The most important thing about this:

  int x;

  if (x < 42) { assert (x != 12345); }

isn't to have a checker is clever enough to know that the assert will not go off, but to be informed that the automatic variable x is being accessed without being initialized!!!

WalterBright

Unfortunately,

    int main(){
        char buffer[10];
        buffer[10] = 0;
    }

are so rare they are hardly worth bothering with. The more usual case is:

    int get(char* buffer)
    {
        return buffer[10];
    }

    void test() {
        char buffer[10];
        get(buffer);
    }

I.e. the array bounds for buffer get lost in the function call. I have proposed a fix:

https://www.digitalmars.com/articles/C-biggest-mistake.html

that is compatible with existing code.

And yet, nobody cares. Oh well!
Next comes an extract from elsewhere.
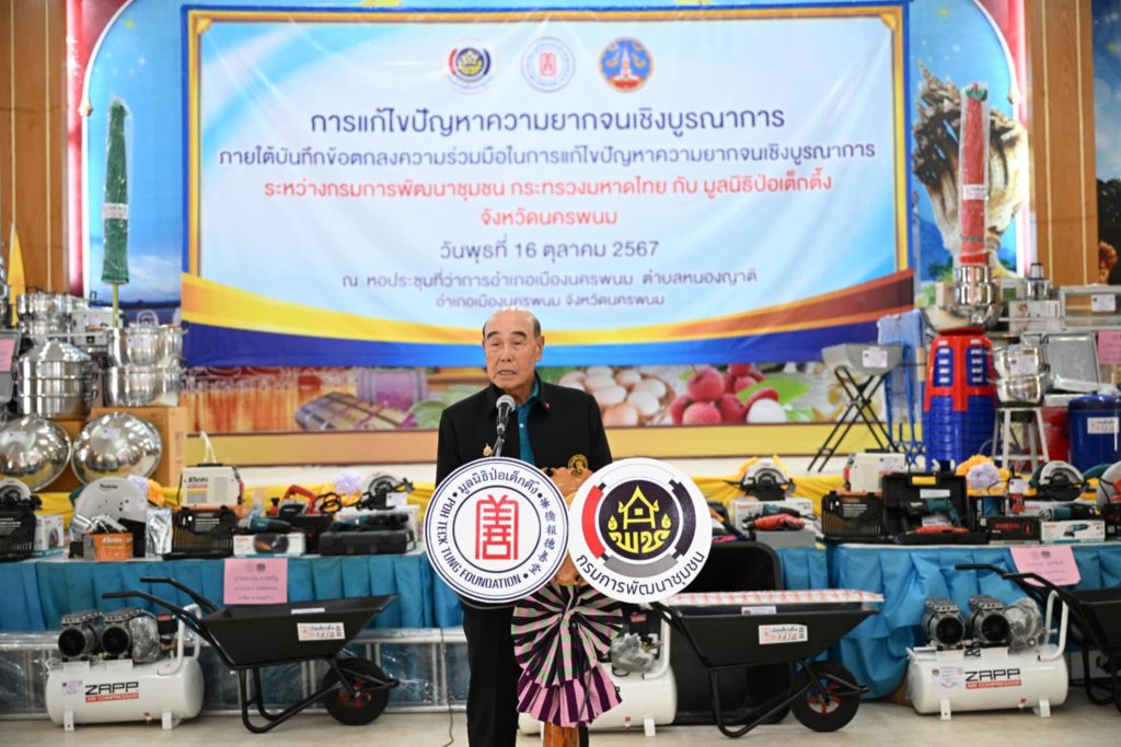 วันนี้ (วันพุธที่ 16 ตุลาคม พ.ศ. 2567) มูลนิธิป่อเต็กตึ๊ง นำโดย นายวิรุฬ เตชะไพบูลย์ ที่ปรึกษาประธานกรรมการ เป็นประธานในพิธี นายสุรพงษ์ เตชะหรูวิจิตร กรรมการและรองเลขาธิการ พร้อมด้วย นางสาวศุภรัตน์ สมบัติเจริญไทย หัวหน้าแผนกส่งเสริมการศึกษาและอาชีพ และนางสาวเนาวรัตน์ วรรณศิริ หัวหน้าแผนกหน่วยแพทย์สงเคราะห์ชุมชน ร่วมในพิธีมอบอุปกรณ์ประกอบอาชีพให้กับครัวเรือนยากจนในพื้นที่จังหวัดนครพนม (จังหวัดที่ 14 ของทางภาคตะวันออกเฉียงเหนือ) จำนวน 25 ครัวเรือน คิดเป็นมูลค่าทั้งสิ้น 612,689 บาท (หกแสนหนึ่งหมื่นสองพันหกร้อยแปดสิบเก้าบาทถ้วน) นอกจากนี้ มูลนิธิฯ ยังได้จัดหน่วยแพทย์สงเคราะห์ชุมชน นำทีมแพทย์อาสาฯ เจ้าหน้าที่หน่วยแพทย์ ทีมบรรเทาสาธารณภัย (กู้ชีพ) และอาสาสมัครลงพื้นที่ให้บริการประชาชนฟรี ประกอบด้วย บริการตรวจรักษาโรคทั่วไป จ่ายยา ทันตกรรม คัดกรองเบาหวาน กิจกรรมนันทนาการ ตรวจวัดสายตาพร้อมแจกแว่น บริการตัดผม ฯลฯ ให้แก่ประชาชนในพื้นที่ โดยมี นายวรวิทย์ พิมพนิตย์ ปลัดจังหวัดนครพนม นายสุรพล แก้วอินธิ ผู้ตรวจราชการกรมการพัฒนาชุมชนเป็นประธานร่วมในพิธี พร้อมด้วย คณะสมาคมพ่อค้าจังหวัดนครพนม เป็นผู้ประสานงานและร่วมในพิธี และอาสาสมัครศิลปินมูลนิธิป่อเต็กตึ๊ง นำโดย นายศรสุทธา กลั่นมาลี (ถั่วแระ เชิญยิ้ม) นายธนกฤต พรามเย็น (ศรีหลอด เชิญยิ้ม) ร่วมในพิธี และสร้างสีสันภายในงาน ณ บริเวณหอประชุมที่ว่าการอำเภอเมืองนครพนม อำเภอเมือง จังหวัดนครพนม

Instead, we have overly complex solutions like this:

https://developers.redhat.com/articles/2022/09/17/gccs-new-f...

kazinator

There are trivial cases of the use of an uninitialized variable that elementary data flow analysis will uncover.

When the variable definition and its use are together in the same basic block, it's immediately obvious that the variable has a next-use on entry into the block, and that its definition hasn't supplied it with a value.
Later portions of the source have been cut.